=== DATA IN THIS EXERCISE ===
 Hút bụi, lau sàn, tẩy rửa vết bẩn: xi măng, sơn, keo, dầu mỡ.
===
=== DATA IN THIS EXERCISE ===
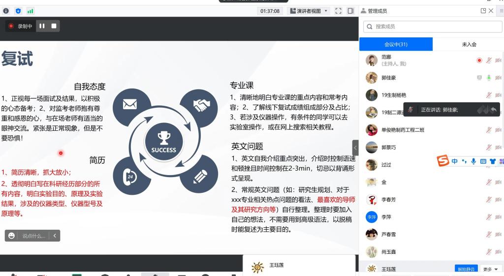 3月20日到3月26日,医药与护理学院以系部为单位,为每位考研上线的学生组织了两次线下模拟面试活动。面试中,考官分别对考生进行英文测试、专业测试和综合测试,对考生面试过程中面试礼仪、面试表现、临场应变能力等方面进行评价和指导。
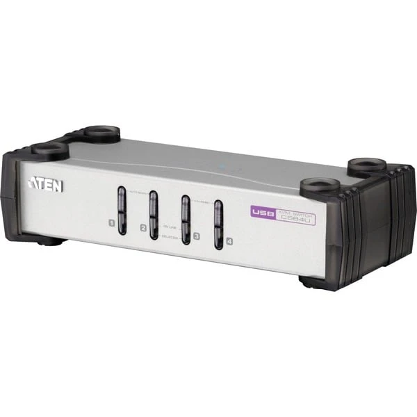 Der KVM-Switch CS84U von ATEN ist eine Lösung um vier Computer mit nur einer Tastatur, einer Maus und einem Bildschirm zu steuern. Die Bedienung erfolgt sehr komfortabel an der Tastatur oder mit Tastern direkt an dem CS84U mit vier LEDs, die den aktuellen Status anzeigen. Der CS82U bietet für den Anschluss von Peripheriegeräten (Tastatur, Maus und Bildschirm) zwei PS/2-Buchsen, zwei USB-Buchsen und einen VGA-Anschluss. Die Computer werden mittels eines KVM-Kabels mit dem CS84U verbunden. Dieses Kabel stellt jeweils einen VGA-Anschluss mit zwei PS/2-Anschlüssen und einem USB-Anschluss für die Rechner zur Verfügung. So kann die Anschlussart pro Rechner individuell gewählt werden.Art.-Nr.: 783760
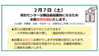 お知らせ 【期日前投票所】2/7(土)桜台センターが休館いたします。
===
The lines to set down run from the line with "3月20日到3月26日,医药" up to and including the line with "お知らせ 【期日前投票所】2/7(土)桜台センターが休館いたします。" in the entries above. Reproduce them exactly, with no pictures.

 3月20日到3月26日,医药与护理学院以系部为单位,为每位考研上线的学生组织了两次线下模拟面试活动。面试中,考官分别对考生进行英文测试、专业测试和综合测试,对考生面试过程中面试礼仪、面试表现、临场应变能力等方面进行评价和指导。
 Der KVM-Switch CS84U von ATEN ist eine Lösung um vier Computer mit nur einer Tastatur, einer Maus und einem Bildschirm zu steuern. Die Bedienung erfolgt sehr komfortabel an der Tastatur oder mit Tastern direkt an dem CS84U mit vier LEDs, die den aktuellen Status anzeigen. Der CS82U bietet für den Anschluss von Peripheriegeräten (Tastatur, Maus und Bildschirm) zwei PS/2-Buchsen, zwei USB-Buchsen und einen VGA-Anschluss. Die Computer werden mittels eines KVM-Kabels mit dem CS84U verbunden. Dieses Kabel stellt jeweils einen VGA-Anschluss mit zwei PS/2-Anschlüssen und einem USB-Anschluss für die Rechner zur Verfügung. So kann die Anschlussart pro Rechner individuell gewählt werden.Art.-Nr.: 783760
 お知らせ 【期日前投票所】2/7(土)桜台センターが休館いたします。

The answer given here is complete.